The phylogenetic approach is helpful because it focuses on certain of the network connections, rather than trying to display them all, as do the other networks. It cannot separately analyze concepts like degree and betweenness, and so information is lost; but this is traded off against the ability to include corpus analyses such as word frequency and location. Phylogenetic trees and networks can thus be valuable tools for textual analysis.

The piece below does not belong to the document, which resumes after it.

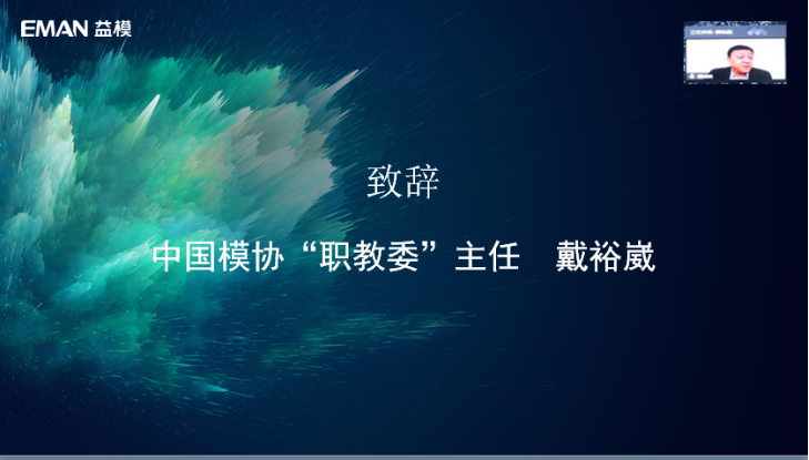 中國模具工業協會數字信息化委員會主任\武漢益模科技股份有限公司董事長易平先生致辭。易董事長代表武漢益模科技股份有限公司全體員工對各位領導老師同學的參加表示誠摯的歡迎。然后對益模公司做了簡單的介紹,多年來益模一直秉承理論與實踐相結合的理念,將15年在企業技術制造應用中的沉淀融入到職業教育領域,與國內多個一流職業院校合作,打造一系列智能制造實訓室,憑借申報的拉延模具數字化設計項目,成功入選第4批1+X證書的試點。積極進行教學模式探索,建立適應新形勢下的職業崗位標準,為院校教學課程設置及崗位職業能力培養提供有效依據,從而實現產教深度融合。

The TreeCloud was introduced by Gambette and Véronis (2010).  If you read French, then examples are presented by Amstutz and Gambette (2010) and by Gambette and Martinez (2012) (the latter has a comparison with some other multivariate data anlayses).

Thanks to Philippe Gambette for producing the NetworkCloud.

References

Amstutz D., Gambette P. (2010) Utilisation de la visualisation en nuage arboré pour l'analyse littéraire. JADT'10: 10th International Conference on Statistical Analysis of Textual Data.

Gambette P., Gala N., Nasr A. (2012) Longueur de branches et arbres de mots. Corpus 11: 129-146.

Gambette P., Martinez W. (2012) L'affaire du Mediator au prisme de la textométrie. Manuscript.

Gambette P., Véronis J. (2010) Visualising a text with a tree cloud. In: Locarek-Junge H., Weihs C. (eds) Classification as a Tool of Research, Proceedings of IFCS'09 (11th Conference of the International Federation of Classification Societies), pp. 561-570.